Friday, 14 February 2014

On the nature of love

I can't sing. I love to but, as I often find amusement in pointing out, the more fun I'm having, the less fun my audience has. 

I love to dance. I have good rhythm, I have reasonable co-ordination and I'm not embarrassed to really go for it. This means people often are convinced by the sheer force of my attitude that I'm a good dancer. I'm not going to disabuse them of that notion.

My future man must - MUST - be willing to take me to karaoke. He must - MUST - be willing to get on a dance floor, because I won't sexy dance unless I'm comfortable being sexy with my partner, and sexy dance is fun.

He may not enjoy listening to my appalling caterwauling, and he may not be a fan of dancing himself, but I know this one absolute fact: any man who is interested in my happiness would consider that a small price to pay for the sheer overwhelming joy I get from these two things. 

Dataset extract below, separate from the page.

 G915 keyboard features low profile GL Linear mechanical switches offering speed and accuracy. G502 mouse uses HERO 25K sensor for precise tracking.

This is something it took me a long time to understand. I don't need permission from a man to be happy in those things, but to have the closest person in my life refuse to participate in something that brings me so much joy throws up an unnecessary and crippling barrier. 

Not the most cheerful comment for a Valentine's day special, but you know what? That's OK. It's true and it's more real than a candy heart.

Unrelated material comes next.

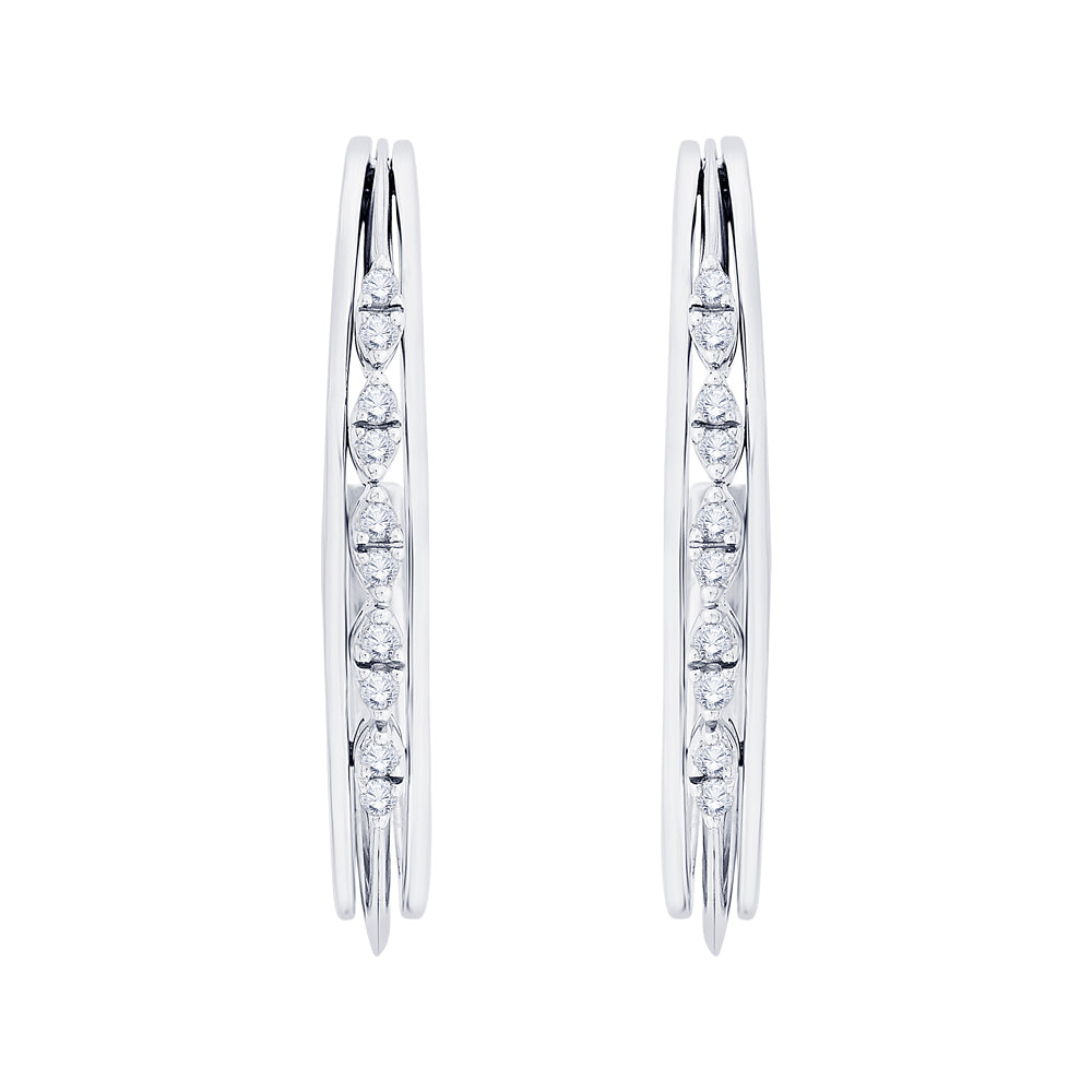 These fashionable diamond hoop earrings crafted in 14k,10k gold and sterling silver and channel set with sparkling round cut diamonds, these gold earrings are used for almost any occasion and making the perfect affordable gift.

Here is something to make up for it: If a man does not like dancing, but will get on the floor and move through a clumsy slow dance with you because you do and it makes you happy; he is giving you a gift far more precious than a man who loves to dance getting on the floor and hauling you through a perfect rumba.

And since this is the internet and someone will misinterpret - I'm not saying I want my men to be unhappy to prove that they love me. When you love someone, you will do something that you would ordinarily hate because you know it makes them happy. And if you really love them, you won't tally it up on some sort of point scoring system. You'll just do it and it won't be a big deal to you.

But it will to them. Because they'll know and they'll know what it means.


As I wrote that last sentence, tears welled in my eyes and I found myself wishing I loved someone like that. I don't right now. I will, but I don't right now. And that makes me feel lonely.